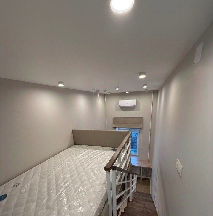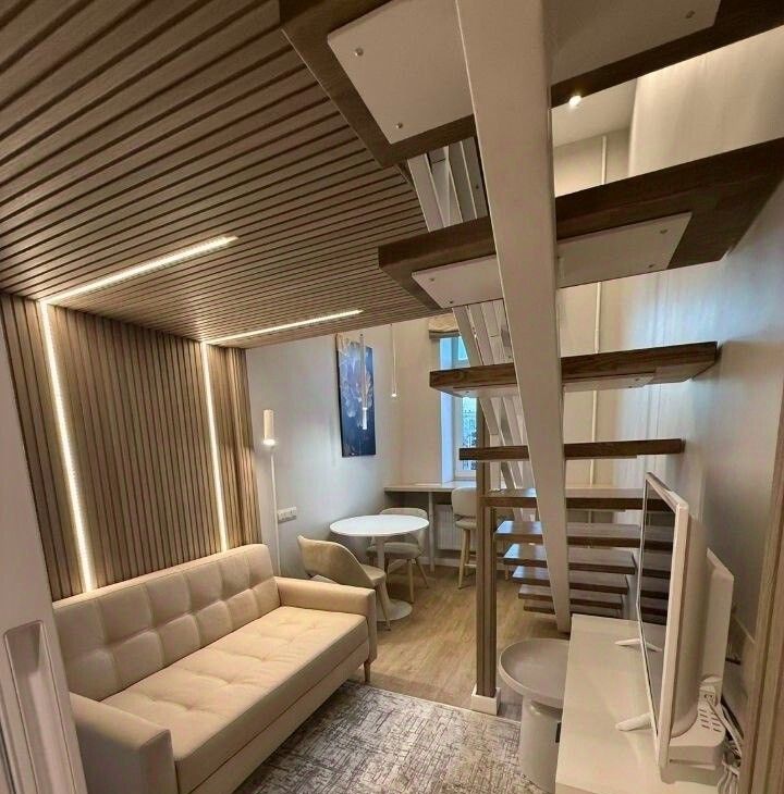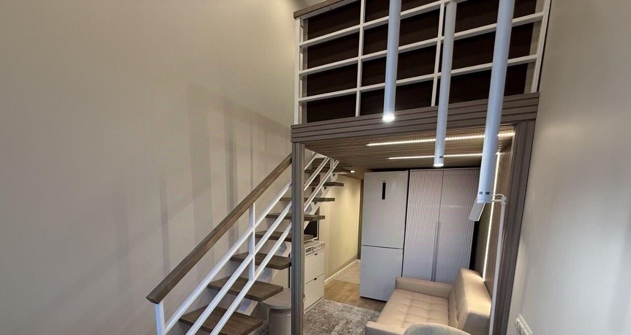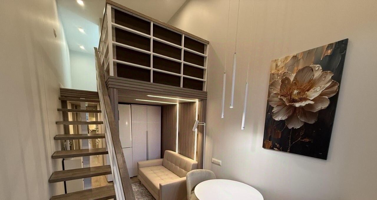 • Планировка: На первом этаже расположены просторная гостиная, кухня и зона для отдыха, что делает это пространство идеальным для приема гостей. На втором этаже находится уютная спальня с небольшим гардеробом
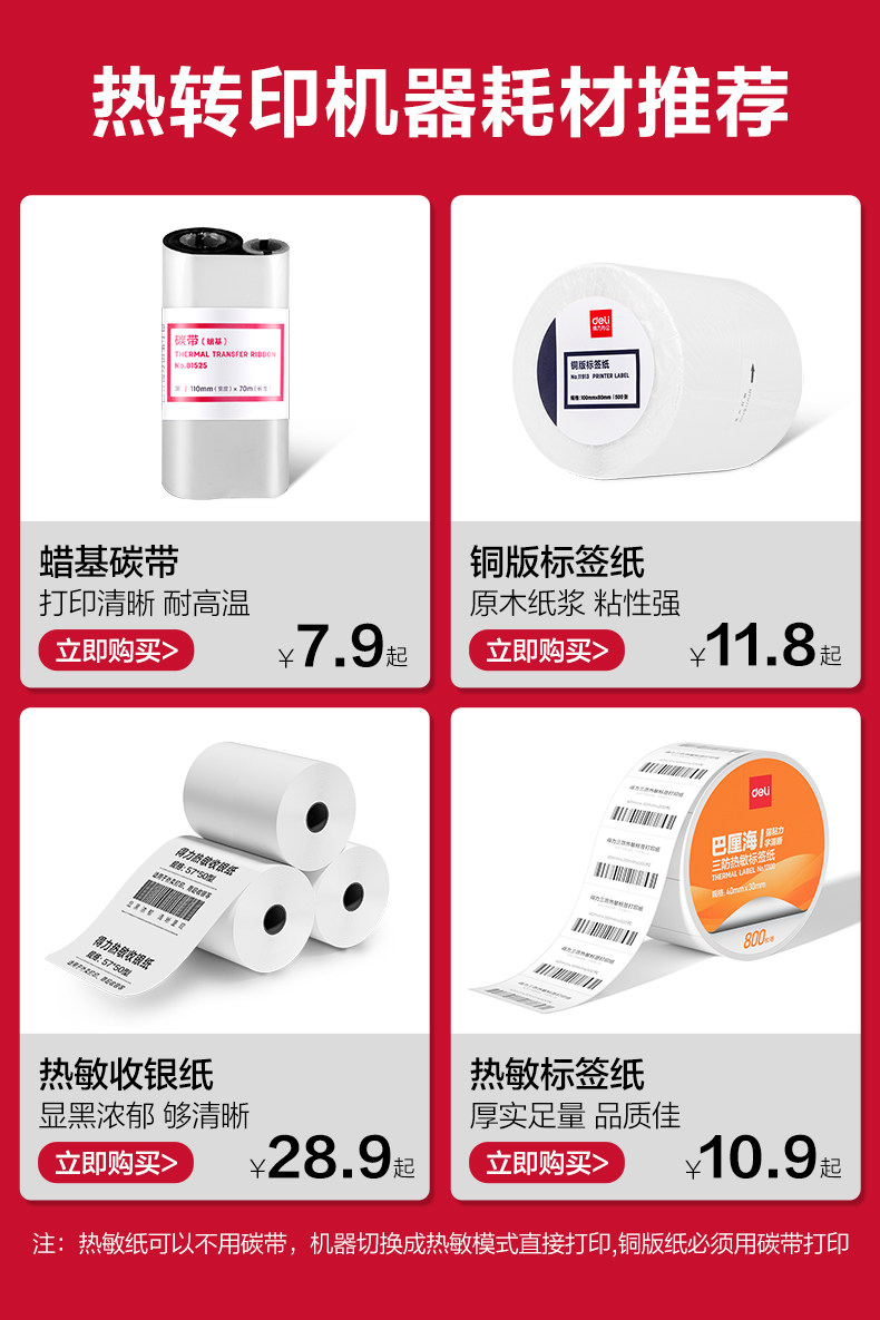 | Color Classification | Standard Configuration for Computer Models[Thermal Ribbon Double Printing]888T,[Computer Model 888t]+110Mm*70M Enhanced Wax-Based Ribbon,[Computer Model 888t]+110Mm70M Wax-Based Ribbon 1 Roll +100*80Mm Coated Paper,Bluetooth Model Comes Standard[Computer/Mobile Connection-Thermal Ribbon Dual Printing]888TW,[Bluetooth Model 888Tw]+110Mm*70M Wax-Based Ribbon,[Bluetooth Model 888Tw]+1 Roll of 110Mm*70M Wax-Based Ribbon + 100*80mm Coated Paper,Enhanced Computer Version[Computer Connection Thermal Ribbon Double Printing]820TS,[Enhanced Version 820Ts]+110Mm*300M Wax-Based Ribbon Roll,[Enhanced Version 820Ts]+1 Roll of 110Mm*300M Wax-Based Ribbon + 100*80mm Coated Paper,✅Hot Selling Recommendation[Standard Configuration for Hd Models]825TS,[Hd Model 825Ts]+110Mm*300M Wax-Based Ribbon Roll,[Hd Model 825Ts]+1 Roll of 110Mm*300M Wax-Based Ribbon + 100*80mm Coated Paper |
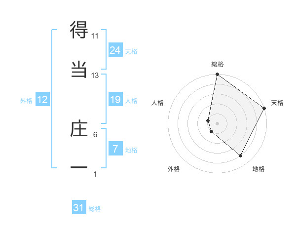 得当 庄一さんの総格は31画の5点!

Work to be completed:
The whole listing, minus its images, should be repeated exactly.

Task response:
 • Планировка: На первом этаже расположены просторная гостиная, кухня и зона для отдыха, что делает это пространство идеальным для приема гостей. На втором этаже находится уютная спальня с небольшим гардеробом
 | Color Classification | Standard Configuration for Computer Models[Thermal Ribbon Double Printing]888T,[Computer Model 888t]+110Mm*70M Enhanced Wax-Based Ribbon,[Computer Model 888t]+110Mm70M Wax-Based Ribbon 1 Roll +100*80Mm Coated Paper,Bluetooth Model Comes Standard[Computer/Mobile Connection-Thermal Ribbon Dual Printing]888TW,[Bluetooth Model 888Tw]+110Mm*70M Wax-Based Ribbon,[Bluetooth Model 888Tw]+1 Roll of 110Mm*70M Wax-Based Ribbon + 100*80mm Coated Paper,Enhanced Computer Version[Computer Connection Thermal Ribbon Double Printing]820TS,[Enhanced Version 820Ts]+110Mm*300M Wax-Based Ribbon Roll,[Enhanced Version 820Ts]+1 Roll of 110Mm*300M Wax-Based Ribbon + 100*80mm Coated Paper,✅Hot Selling Recommendation[Standard Configuration for Hd Models]825TS,[Hd Model 825Ts]+110Mm*300M Wax-Based Ribbon Roll,[Hd Model 825Ts]+1 Roll of 110Mm*300M Wax-Based Ribbon + 100*80mm Coated Paper |
 得当 庄一さんの総格は31画の5点!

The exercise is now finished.